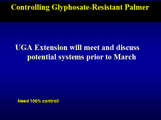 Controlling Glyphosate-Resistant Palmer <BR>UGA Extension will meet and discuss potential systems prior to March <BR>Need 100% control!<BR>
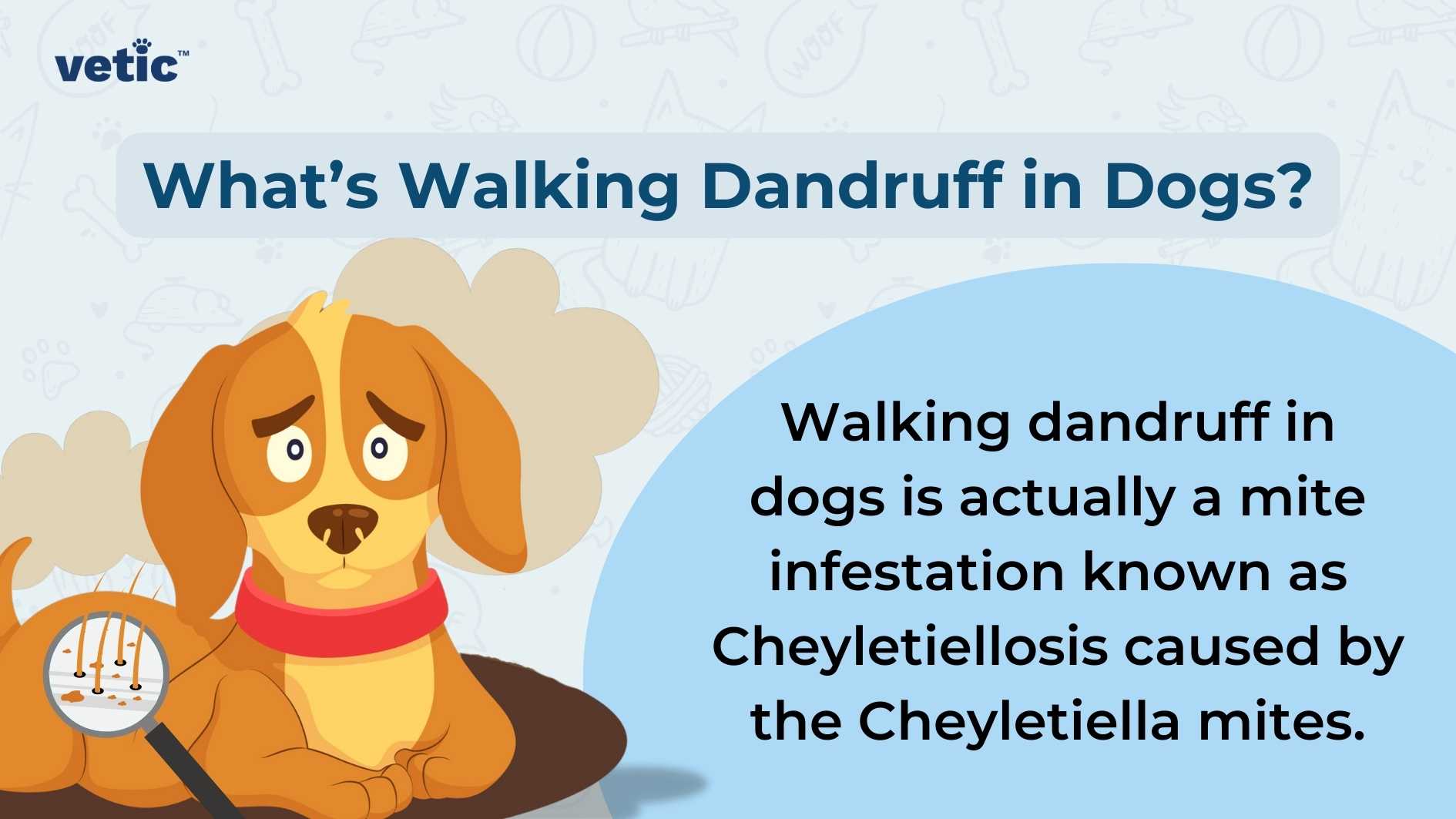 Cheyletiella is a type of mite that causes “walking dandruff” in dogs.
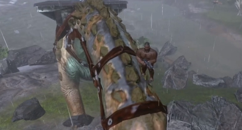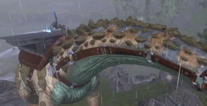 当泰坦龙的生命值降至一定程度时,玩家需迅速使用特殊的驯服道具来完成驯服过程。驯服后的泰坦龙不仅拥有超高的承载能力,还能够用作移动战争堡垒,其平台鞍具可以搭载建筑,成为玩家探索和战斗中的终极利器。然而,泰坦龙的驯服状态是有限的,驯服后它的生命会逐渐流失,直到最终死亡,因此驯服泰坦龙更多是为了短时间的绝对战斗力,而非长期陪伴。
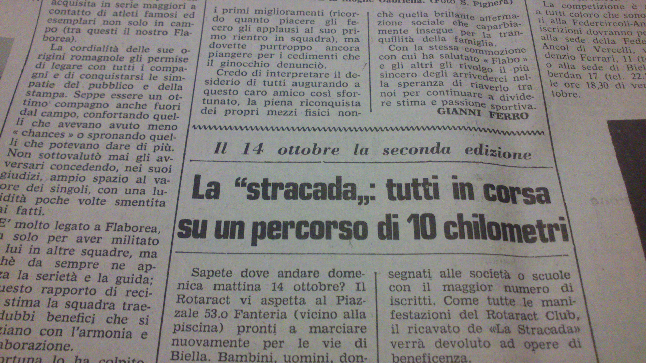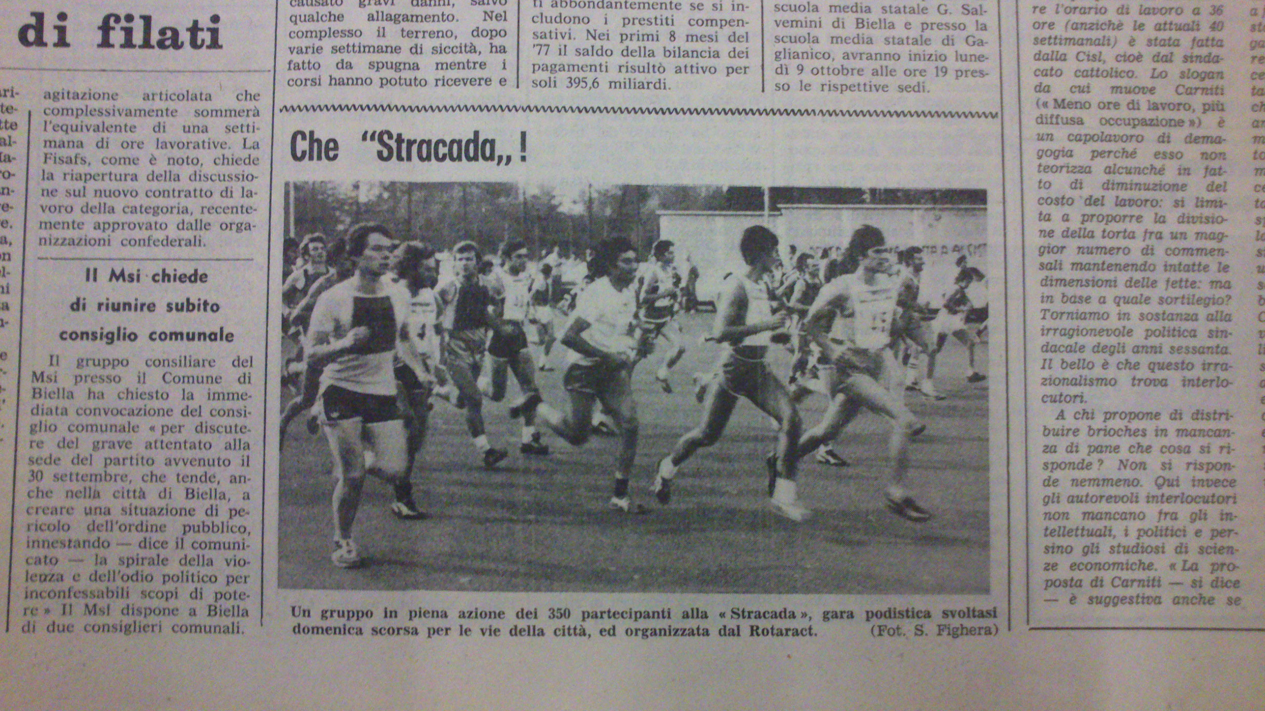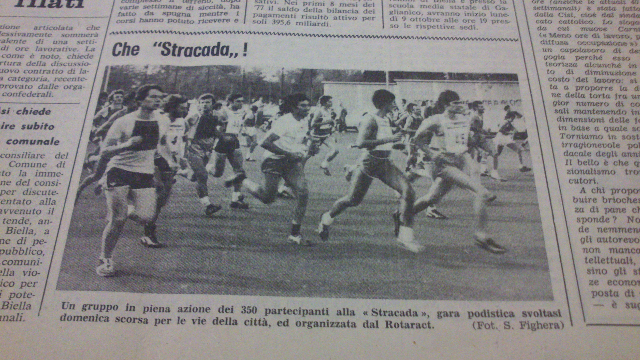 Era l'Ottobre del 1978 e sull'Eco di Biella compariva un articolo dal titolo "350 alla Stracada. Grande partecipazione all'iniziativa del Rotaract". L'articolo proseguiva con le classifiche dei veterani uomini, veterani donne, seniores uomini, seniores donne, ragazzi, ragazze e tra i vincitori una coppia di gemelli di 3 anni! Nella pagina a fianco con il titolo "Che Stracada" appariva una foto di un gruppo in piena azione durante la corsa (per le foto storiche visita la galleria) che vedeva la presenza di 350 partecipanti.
※
■ **Action item**
Return only the lines from the one that contains "Cheyletiella is a" through the closing line of the data, inclusive, reproduced exactly and with every picture left out.

■ **Completed exercise**
 Cheyletiella is a type of mite that causes “walking dandruff” in dogs.
 当泰坦龙的生命值降至一定程度时,玩家需迅速使用特殊的驯服道具来完成驯服过程。驯服后的泰坦龙不仅拥有超高的承载能力,还能够用作移动战争堡垒,其平台鞍具可以搭载建筑,成为玩家探索和战斗中的终极利器。然而,泰坦龙的驯服状态是有限的,驯服后它的生命会逐渐流失,直到最终死亡,因此驯服泰坦龙更多是为了短时间的绝对战斗力,而非长期陪伴。
 Era l'Ottobre del 1978 e sull'Eco di Biella compariva un articolo dal titolo "350 alla Stracada. Grande partecipazione all'iniziativa del Rotaract". L'articolo proseguiva con le classifiche dei veterani uomini, veterani donne, seniores uomini, seniores donne, ragazzi, ragazze e tra i vincitori una coppia di gemelli di 3 anni! Nella pagina a fianco con il titolo "Che Stracada" appariva una foto di un gruppo in piena azione durante la corsa (per le foto storiche visita la galleria) che vedeva la presenza di 350 partecipanti.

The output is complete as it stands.